Berita Tegal
Grup Whatsapp RCT Permudah Penanganan Gangguan Listrik di Tegal
Hampir tiap menit, perhatian Saefudin tak lepas dari grup Whatsapp bernama Reaksi Cepat Tanggap (RCT).
Penulis: Fajar Bahruddin Achmad | Editor: sujarwo
Siaga 24 Jam
Saefudin mengatakan, petugas di bagian pelayanan teknik totalnya berjumlah 26 orang. Dari total tersebut kemudian dibagi ke dua pos dengan pembagian kerja tiga sif.
Selama 24 jam mereka bekerja memperbaiki gangguan seperti kabel putus atau listrik padam.
Ia mengatakan, semasa musim penghujan potensi gangguan listrik lebih banyak terjadi. Hal itu diakibatkan banyak kejadian pohon tumbang.

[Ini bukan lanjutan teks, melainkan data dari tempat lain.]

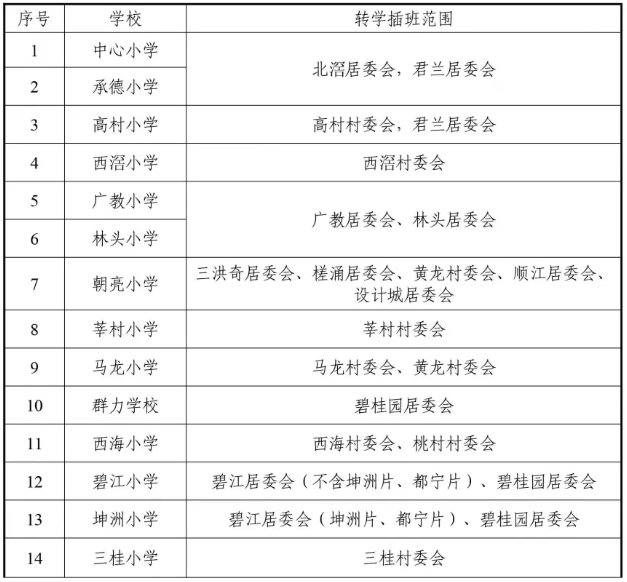 北滘镇2021年秋季公办中小学转学插班方案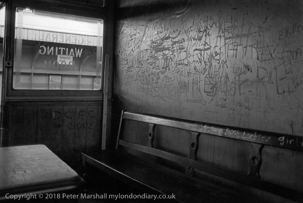 Stepney East Station, Tower Hamlets. 1982 32a-15: station, railway, waiting room, window, glass, etching, graffiti,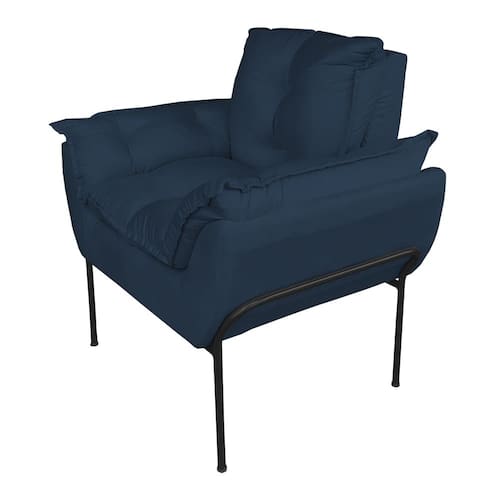 Poltrona para Sala Base Preta Suede Azul Marinho - Vallisa Decor

"Tim itulah yang diketahui masyarakat sebagai PLN. Tiap hari kalau mati lampu dia yang muter-muter, cari lokasi gangguan," katanya.
Saefudin bercerita, banyak masyarakat yang tidak tahu pekerjaan teknisi perbaikan aliran listrik. Mereka tiap hari bekerja di lapangan dengan taruhan nyawa.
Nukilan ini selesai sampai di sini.